BioFusionNet is a deep learning framework for ER+ breast cancer survival risk stratification that integrates histopathological, genetic, and clinical data through self-supervised extractors (DINO and MoCoV3), a variational autoencoder, and a co-dual-cross-attention mechanism, employs a weighted Cox loss to address survival data imbalance, and achieves a mean concordance index of 0.77 and a time-dependent area under the curve of 0.84.

Key Contributions

  • The paper introduces BioFusionNet, a deep learning framework for survival risk stratification in ER+ breast cancer that integrates histopathological patches, genomic profiles, and clinical records. The architecture employs self-supervised DINO and MoCoV3 extractors to capture detailed image features, which are aggregated via a variational autoencoder to generate patient-level representations.
  • A co-dual-cross-attention mechanism combines histopathological and genetic features, while a feed-forward network incorporates clinical data to enable comprehensive multimodal fusion.
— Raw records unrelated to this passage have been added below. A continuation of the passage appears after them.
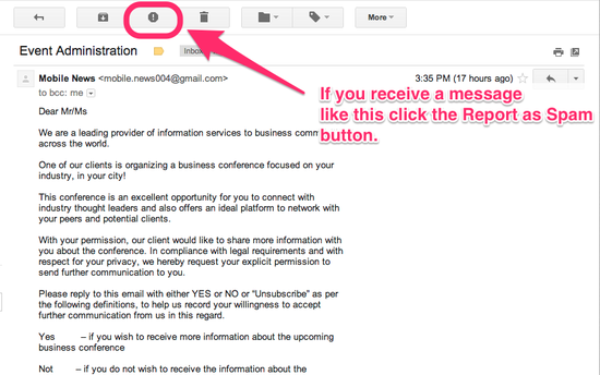 If this happens to you just click the Report as Spam button (it looks like an exclamation mark inside a stop sign - see below).
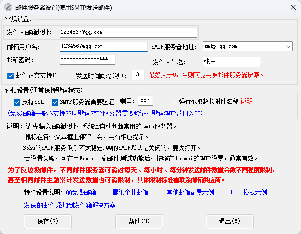 13.35版改进:支持正文html格式,同时设置界面更加易懂,并增加了腾讯企业邮箱设置的介绍。
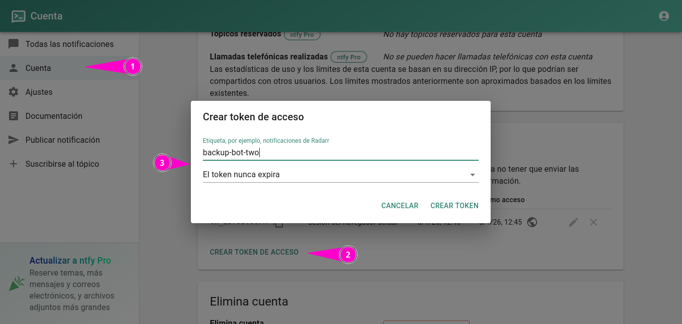 Ahora con token y nombre aleatorio, podemos configurar `backup-bot-two` para enviar notificaciones.
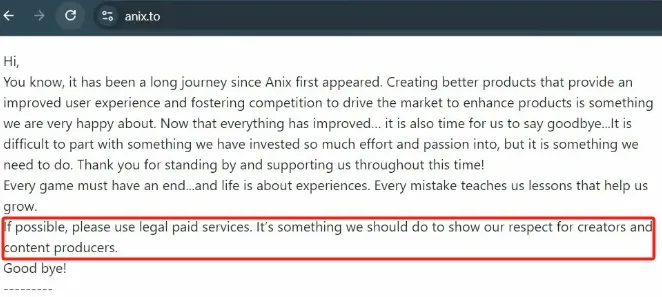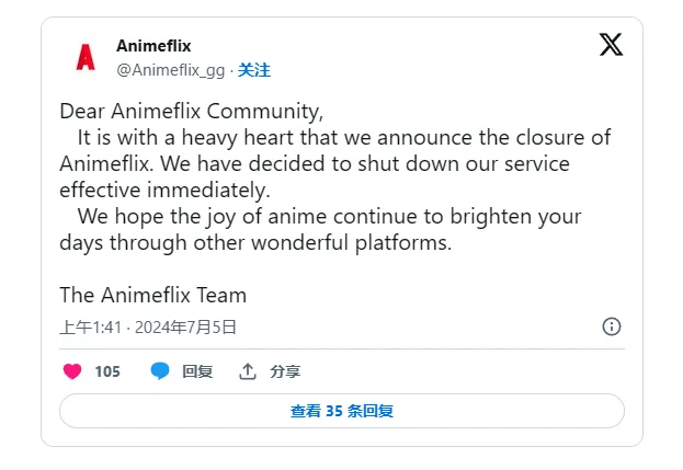 2024年7月5日,動漫流媒體網站“Animeflix”在沒有事先通知的情況下突然宣佈下線。
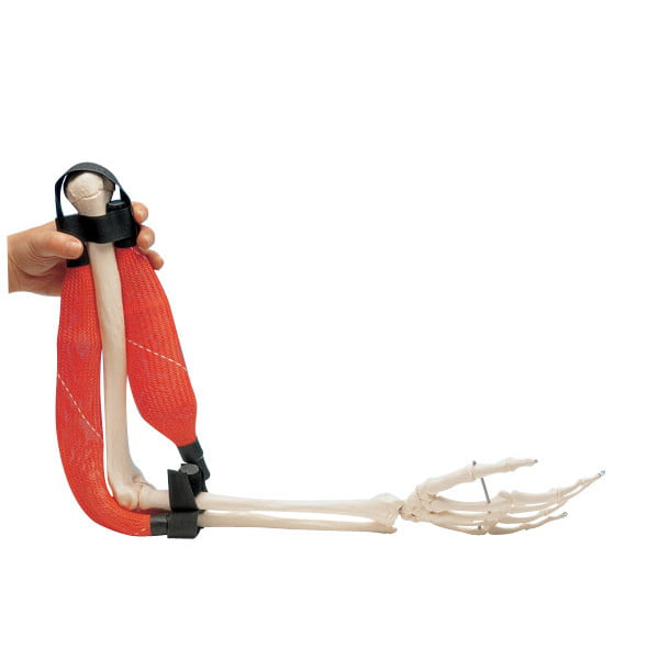 Ce modèle analogique représente de façon dynamique le fonctionnement de deux muscles antagonistes. Le modèle s’adapte sur le squelette humain présent dans votre classe (taille réelle) au niveau du bras. Il est donc possible de montrer l’effet de la contraction musculaire sur le déplacement des membres antérieurs ou postérieurs.
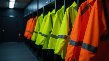 High-visibility jackets neatly arranged in dim locker room conveys readiness and safety
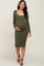 A solid hued maternity dress featuring long sleeves and a square neckline.
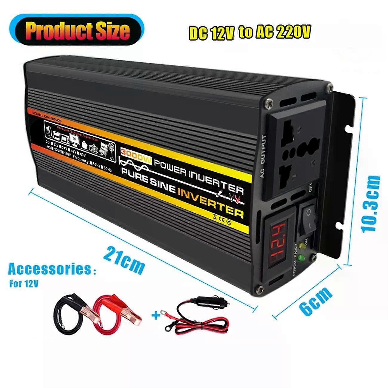 3000W-8000W Pure Sine Wave Power Inverter Voltage Transformer Intelligent Digital Display Car Home DC12V to AC 220V Converter
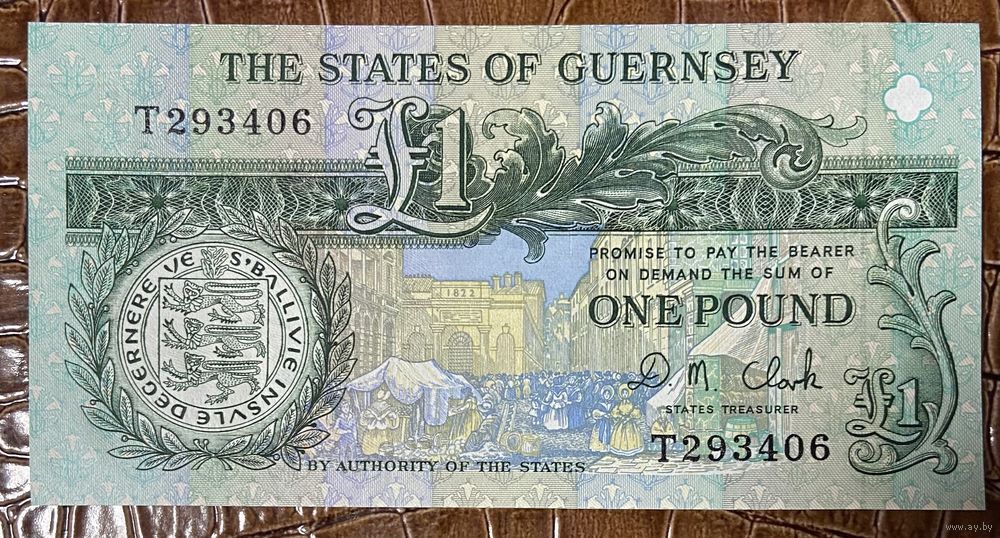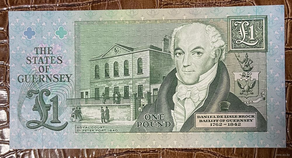 Банкнота Штат Гернси 1 фунт 1991–1995 год. Дэниел Де Лисл Брок. НЕ БЫЛА В ОБОРОТЕ.
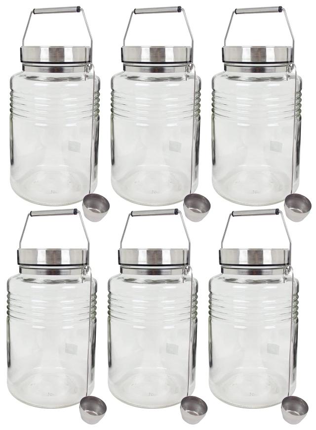 ◆商品名:アデリア(ADERIA) 【 MCコンテナー 4L レードル付き 6個セット 日本製 化粧箱入 】 梅酒瓶 保存容器 梅瓶 保存瓶 米びつ ステンレスキャ
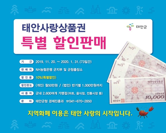 태안사랑상품권, 발행 18년 만에 첫 특별 할인 판매
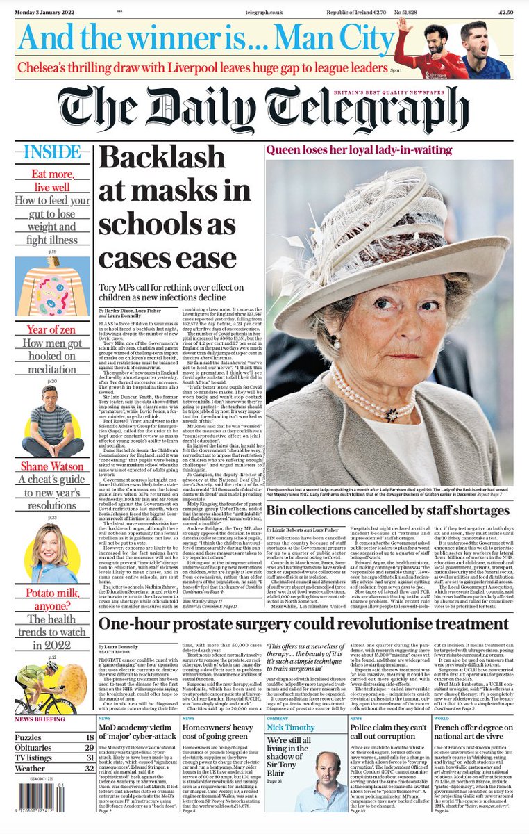 The Daily Telegraph writes that the government’s plan to force children to wear a face mask while at school faces a backlash.
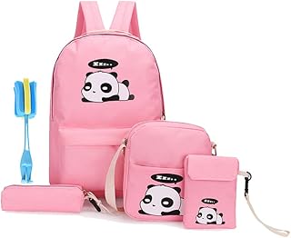 4pc Sac à Dos Scolaire De Rangement Femme Fille en Toile Sac De Voyage Grande Capacité en Toile étudiant Sac D'épaule Backpack Cartable + Sacs à Bandoulière + Mini-Sacs
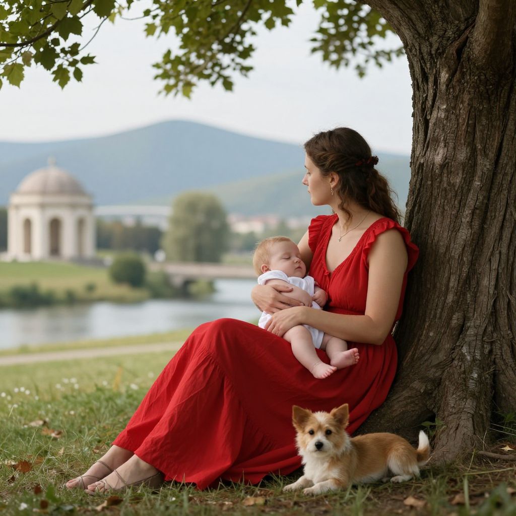 Seated under a tree, a woman in a flowing red dress cradles a sleeping infant in her arms, her gaze directed toward a serene landscape featuring distant mountains, a river, and a classical architectural structure, while a small dog rests near her feet.
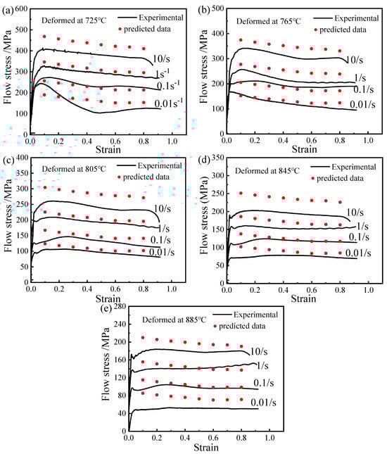 Comparison of simulated and experimental values at different deformation temperatures (a) 725 °C; (b) 765 °C; (c) 805 °C; (d) 845 °C; (e) 885 °C.

The training process utilizes a custom weighted Cox loss function to effectively address the inherent imbalance in survival datasets.
  • Empirical evaluations demonstrate that the framework achieves a mean concordance index of 0.77 and a time-dependent area under the curve of 0.84. These metrics establish superior predictive performance compared to existing state-of-the-art survival analysis models.

Introduction

Accurate survival risk stratification is essential for optimizing treatment pathways in estrogen receptor positive breast cancer, where clinicians must decide whether patients require additional chemotherapy or can safely rely on endocrine therapy alone. Traditional prognostic models depend primarily on clinicopathological factors and frequently miss underlying tumor biology, while existing deep learning approaches struggle to reconcile the dimensional variability and heterogeneity inherent in combining histopathology, genomics, and clinical records. To overcome these barriers, the authors leverage self-supervised feature extraction and a co-dual-cross-attention mechanism to build BioFusionNet, a multimodal survival prediction framework that seamlessly integrates diverse data sources. They also implement a weighted Cox loss function to correct for imbalanced survival datasets, ultimately delivering a more accurate and interpretable risk scoring system that streamlines personalized treatment decisions.

Dataset

  • Dataset Composition and Sources: The authors use multi-modal data from The Cancer Genome Atlas Breast Invasive Carcinoma (TCGA-BRCA). Whole-slide images are sourced from the GDC portal, while transcriptomic and clinical records are retrieved from cBioPortal. The dataset combines H&E-stained histopathology slides, mRNA expression profiles, and standardized patient records.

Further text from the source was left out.